Plus récemment, une présentatrice de télévision soudanaise a reçu des tas de tweets misogynes et racistes à la suite d’un reportage sur son émission qui critiquait le gouvernement libanais.
Les commentaires haineux ciblant Dalia Ahmad, une présentatrice de la chaîne d’information libanaise Al-Jadeed, allaient de l’appeler une « chien femelle » à des tweets suggérant qu’elle devrait être « offerte à la vente sur le marché des esclaves, avec son acabit, par ISIS », un autre terme pour le groupe terroriste Daech.
Un autre tweet a déclaré: « Par Dieu, par Dieu, quiconque veut attaquer les Al-Sayyed (Nasrallah), je veux essuyer le sol avec eux et maudire ceux qui les ont mis au monde », à côté d’une image d’Ahmad avec le visage de un chien photographié par-dessus le sien.

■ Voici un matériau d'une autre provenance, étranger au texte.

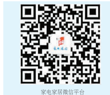
家电家居微信平台

国产品牌也借机发力,销售人员告诉记者,国产品牌的小家电品类更全,所以九阳、美的等国产品牌小家电更能吸引消费者的注意力。这几天小家电销售情况特别好,以前外资品牌是消费者主要的选择对象,但是现在,国内的几个一线品牌,不管是品类、外观、功能,甚至价格都不输于外资品牌,促销力度也更大,如九阳电器推出的“粽情端午惠动全城”活动,不仅推出了多款全球首发的豆浆机、榨汁机、面条机、压力煲,活动期间购物还有大豆纤维被、炒锅、陶瓷刀具、不锈钢锅具等礼品赠送,为消费者带来实惠的同时也为卖场赢得更多消费群体的关注。@5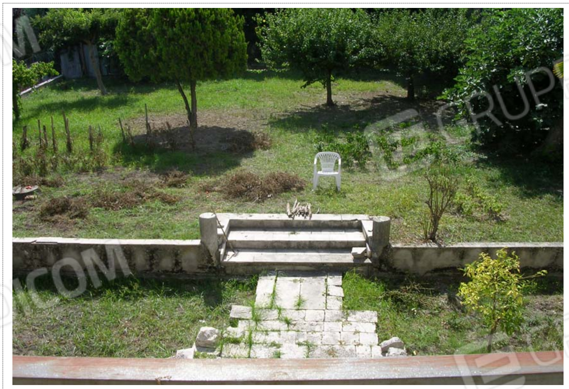
Foto n°64: Vista Terreno Fig. 23 p.lla 451 - 450;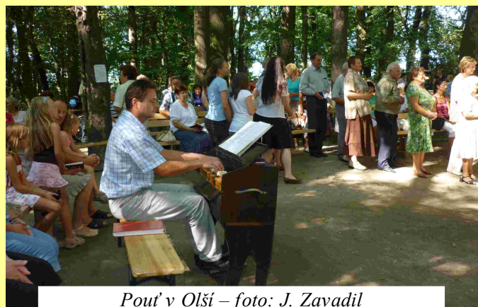
Pouť v Olši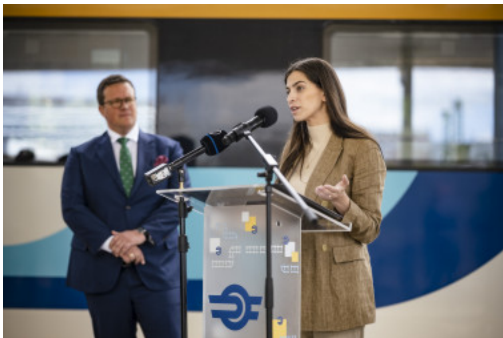
[1]A részletes, térképekkel

illusztrált tájékoztatóhoz ide kattintva ugorhat .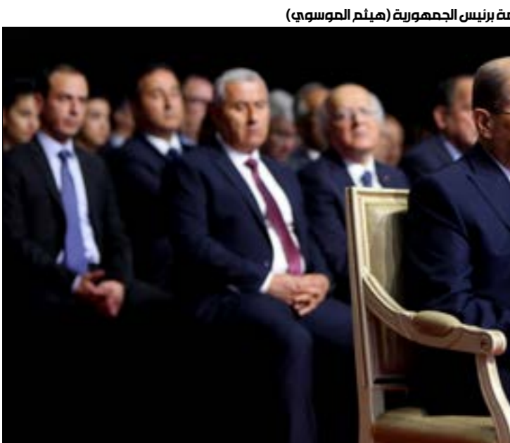
قد تُحصر الحصّة المسيحية الوازنة داخل الحكومة برئيس الجمهورية (هيثم الموسوي)

حتى ولو جرى تأمين الدولارات النقدية، ولكن، يؤكّد مديرون في مصارف أن حاكم مصرف لبنان، رياض سلامة، كان قبل قرابة شهرين من صدور القرار، «قد أصدر لألحة تضمّ أسماء أولاد ضباط من مؤسسات عسكرية وأمنية، للسماح لهم بتحويل الأموال إلى جامعاتهم في الخارج». وحين كان يرفض المصرف المعنى تحويل المال، كان يابته الجواب من أهل الطلاب بأن «مصرف لبنان سمح بذلك، فعنّا على هذا الأساس نُمنّ التحويل». في المقابل، تقول مصادر في المجلس المركزي لمصرف لبنان إنّ الموضوع كان مُبرحاً في إحدى الجلسات على جدول الأعمال، ولكن فور الوصول إليه بادر الحاكم إلى القول إنّ البند «ما ينقطع»، ولم يُناقش أصلاً ليجري التصويت عليه». وتشير المصادر إلى أنّ «من المستبعد أن يكون قد منّ دون علمنا، ولكن ثمة احتمال بأن يكون قد وقّع على استنفاات لبعض الضباط الذين طلبوا ذلك.»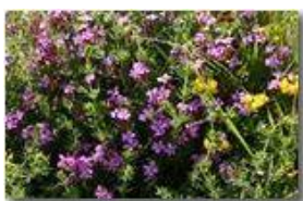
Silene rupestris fiorita sul conglomerato di Monte Maggio

Pietro Marcheselli - Canon EOS 300D 2006 - Estate - Savignone - Boschi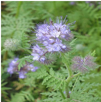
Phacelia tanacetifolia Phacélie (IX-X)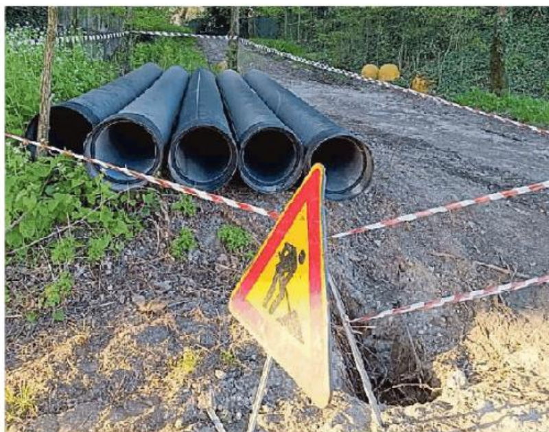
Fognature danneggiate durante i lavori, ecco i nuovi tubi da posare

«La ditta ha terminato i lavori e ha smantellato il cantiere ignorando quel piccolo cratere causato dal peso degli escavatori – spiegano i cittadini –. Senza dimenticare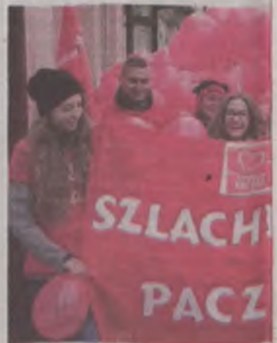
W tegorocznej edycji Szlachetnej Pa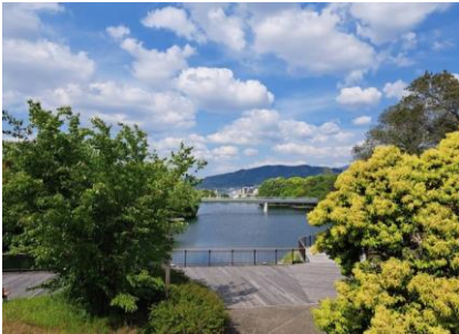
【大野城市の三兼池】

Souvent qualifié de pays progressiste, le Liban souffre en réalité d’un profond racisme et de misogynie. Cibler les travailleurs domestiques migrants et ceux qui ont la peau plus foncée ne semble pas être la seule forme de discrimination.
Suite au conflit syrien, un fléau similaire de traitement raciste a été ressenti par les réfugiés syriens qui avaient fui les atrocités de la guerre civile vers le Liban voisin.
Les politiciens libanais ont activement pris les réfugiés syriens pour boucs émissaires et les ont accusés des échecs économiques, sociaux et sécuritaires du pays. Dans certains villages du Liban, les autorités locales ont même imposé des couvre-feux aux réfugiés syriens.
Les réfugiés syriens étaient souvent accusés de « voler des emplois » et nombre d’entre eux étaient qualifiés d’ouvriers du bâtiment ou de concierges.
Les grands médias libanais n’ont pas été des spectateurs innocents de ce ciblage xénophobe. Une vidéo est devenue virale sur les réseaux sociaux en 2016 après qu’on ait demandé à des étudiants universitaires libanais s’ils sortiraient avec un Syrien. Presque tous les répondants ont dit non.
Expliquant leur position, les Libanais interrogés ont répondu : « Non, parce qu’il est d’une autre culture » ou « non parce qu’il ne parle pas la langue ».